Task: Repeat the listing below line by line, exactly, leaving its pictures behind.

Supplied material:
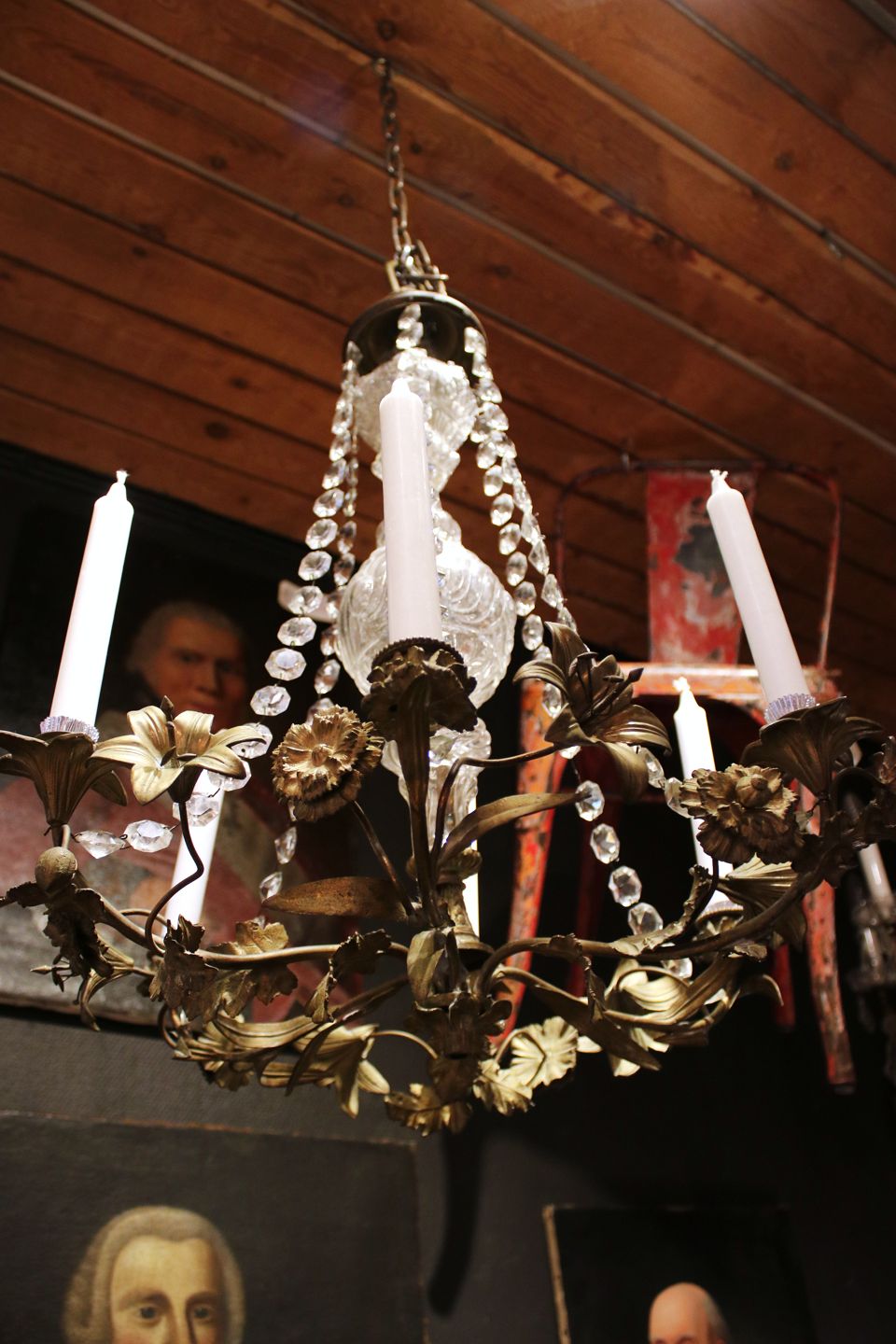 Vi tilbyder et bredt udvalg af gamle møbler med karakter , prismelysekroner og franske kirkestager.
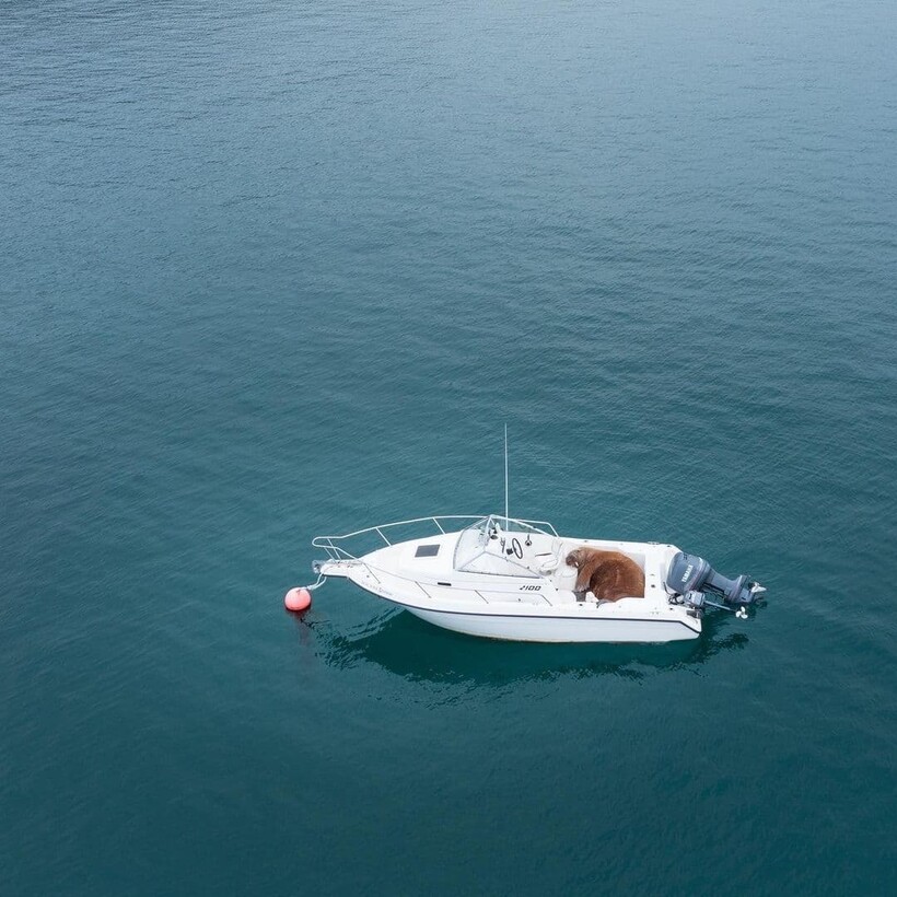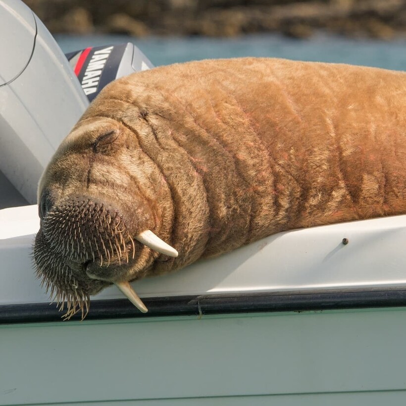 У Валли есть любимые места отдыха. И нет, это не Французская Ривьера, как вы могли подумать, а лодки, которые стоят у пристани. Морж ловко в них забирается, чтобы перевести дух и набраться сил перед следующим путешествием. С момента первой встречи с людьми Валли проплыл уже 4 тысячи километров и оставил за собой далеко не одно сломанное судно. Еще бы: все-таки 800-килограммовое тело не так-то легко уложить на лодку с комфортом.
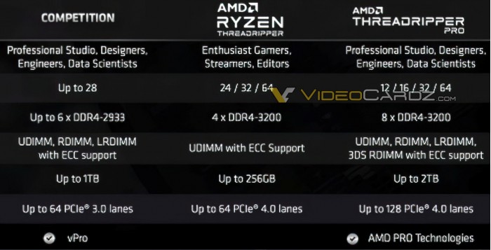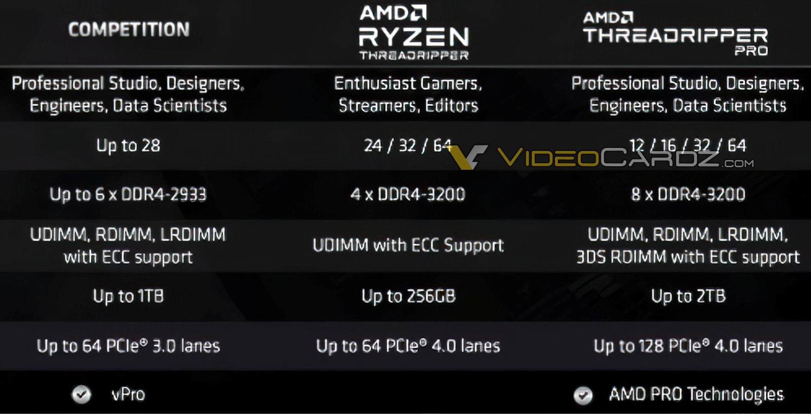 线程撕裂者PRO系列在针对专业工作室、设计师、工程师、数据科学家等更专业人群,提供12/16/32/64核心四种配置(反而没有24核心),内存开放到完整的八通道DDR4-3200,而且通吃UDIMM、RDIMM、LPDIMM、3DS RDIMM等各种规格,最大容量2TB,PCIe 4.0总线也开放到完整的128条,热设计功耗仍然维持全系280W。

Result for this task:
 Vi tilbyder et bredt udvalg af gamle møbler med karakter , prismelysekroner og franske kirkestager.
 У Валли есть любимые места отдыха. И нет, это не Французская Ривьера, как вы могли подумать, а лодки, которые стоят у пристани. Морж ловко в них забирается, чтобы перевести дух и набраться сил перед следующим путешествием. С момента первой встречи с людьми Валли проплыл уже 4 тысячи километров и оставил за собой далеко не одно сломанное судно. Еще бы: все-таки 800-килограммовое тело не так-то легко уложить на лодку с комфортом.
 线程撕裂者PRO系列在针对专业工作室、设计师、工程师、数据科学家等更专业人群,提供12/16/32/64核心四种配置(反而没有24核心),内存开放到完整的八通道DDR4-3200,而且通吃UDIMM、RDIMM、LPDIMM、3DS RDIMM等各种规格,最大容量2TB,PCIe 4.0总线也开放到完整的128条,热设计功耗仍然维持全系280W。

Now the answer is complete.